🤖 AI Summary
To address the intractability of mixture prior densities in semi-implicit variational inference (SIVI)—which prevents direct optimization of the evidence lower bound (ELBO)—this paper proposes a novel particle-based variational inference framework. The core method models the mixture prior as a nonparametric empirical measure and directly optimizes the ELBO via the Euclidean–Wasserstein gradient flow, entirely bypassing inner-loop MCMC sampling or minimax approximations. Theoretically, we rigorously establish the existence, uniqueness, and propagation-of-chaos property of the gradient flow solution. Algorithmically, we integrate empirical measure theory with free-energy functional optimization to enable efficient, differentiable, end-to-end training. Experiments demonstrate that our approach consistently outperforms existing SIVI methods across multiple benchmarks, achieving both theoretical soundness and practical superiority.
📝 Abstract
Semi-implicit variational inference (SIVI) enriches the expressiveness of variational families by utilizing a kernel and a mixing distribution to hierarchically define the variational distribution. Existing SIVI methods parameterize the mixing distribution using implicit distributions, leading to intractable variational densities.
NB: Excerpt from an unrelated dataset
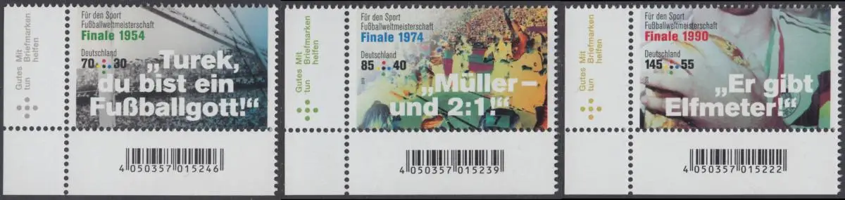 BUND 2018 Michel-Nummer 3380-3382 postfrisch SATZ(3) EINZELMARKEN ECKRÄNDER unten links

As a result, directly maximizing the evidence lower bound (ELBO) is not possible, so they resort to one of the following: optimizing bounds on the ELBO, employing costly inner-loop Markov chain Monte Carlo runs, or solving minimax objectives. In this paper, we propose a novel method for SIVI called Particle Variational Inference (PVI) which employs empirical measures to approximate the optimal mixing distributions characterized as the minimizer of a free energy functional. PVI arises naturally as a particle approximation of a Euclidean--Wasserstein gradient flow and, unlike prior works, it directly optimizes the ELBO whilst making no parametric assumption about the mixing distribution. Our empirical results demonstrate that PVI performs favourably compared to other SIVI methods across various tasks. Moreover, we provide a theoretical analysis of the behaviour of the gradient flow of a related free energy functional: establishing the existence and uniqueness of solutions as well as propagation of chaos results.